A fisherman would say the line weight depends on the type of fish you're after...

Non Sequitur

Is that some sort of GTA online currency? I need some for a new jet.

Dec 13, 17 8:42 pm
archinine
Wildly successful* pyramid scheme
Dec 13, 17 8:57 pm
xx__

https://www.reddit.com/r/Bitco...

^ he was right about everything so far, so... I't whouldn't hurt much to get some coins right now and sit on them.

Dec 13, 17 11:46 pm
ArchNyen
Any tales of success, regrets, future predictions care to share? How about the tale of the fisherman who become an architect bitcoin collector?
Dec 14, 17 7:49 pm
ArchNyen
Any tales of success, regrets, future predictions care to share? How about the tale of the fisherman who become an architect bitcoin collector?
Dec 14, 17 7:50 pm

Would have been a good use of all those GPU’s in your office a few years ago... Maybe they were.

Dec 14, 17 8:40 pm
randomised

I have no clue about bitcoins or ethereum, all I know is that the moment I will step into cryptocurrencies, that bubble will burst.

Dec 15, 17 5:48 am
joeuk

Buy (M)IOTA, loads of it!! 

Dec 15, 17 7:28 am
won and done williams

When even architects start talking about an investment, you know the bubble is about to burst.

Dec 15, 17 9:35 am
MDH-ARCH

I didn't want to miss out so I bought Bitcoin, Etherium and litecoin. I am up thousands at the moment. Put in what you can stomach to lose and ride the wave. I have friends that mine it as well. Some predict  that one Bitcoin can be worth 100k+ in the years to come, Or it can flop. Buy some and hold for year and see where you are at. 

Dec 15, 17 10:30 am
Chemex

I only hear about Bitcoin in reference to black market dark web illegal stuff. Can’t believe how this is allowed

Dec 15, 17 11:15 am
MDH-ARCH

It may have been more prevalent when it first started but now amazon and many other companies are now accepting Bitcoin as a normal form of currency. Cash is used for "illegal stuff" as well.

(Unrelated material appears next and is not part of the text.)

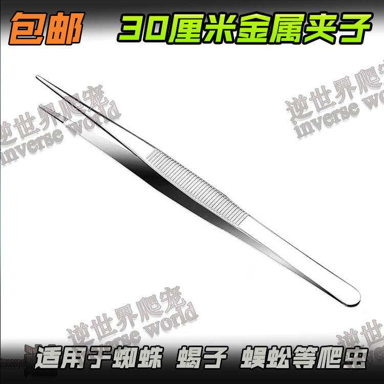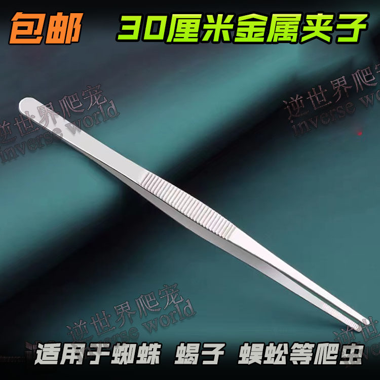 Stainless steel tweezers 30 cm clip non-slip round head crawling pet feeding clip spider scorpion centipede feeding tweezers

cash can be traced, finger prints, DNA, Chain of custody (Sue had three dollars and gave one to Max and Max gave it to Bob...) tracking cash is not easy but possible.

Bitcoin is the best way to launder drug money, buy illegal (and possibly counterfeit prescription drugs) pay for a murder for higher and to finance terrorist. I assume some decent people will use it for "legit" things but this is designed to be untraceable and unseen by governments and law enforcement. It is the best thing for criminals to come along in a long time.

That said if you can't beat crime legalize it. You can always win by resetting the rules.

Over and OUT

Peter N.

Dec 15, 17 11:50 am
MDH-ARCH

People fear what they don't understand. Technology is responsible for plenty bad and plenty good. Cryptocurrency will most likely be another normal way to trade goods in the future. And if nothing else... why not make some money off it?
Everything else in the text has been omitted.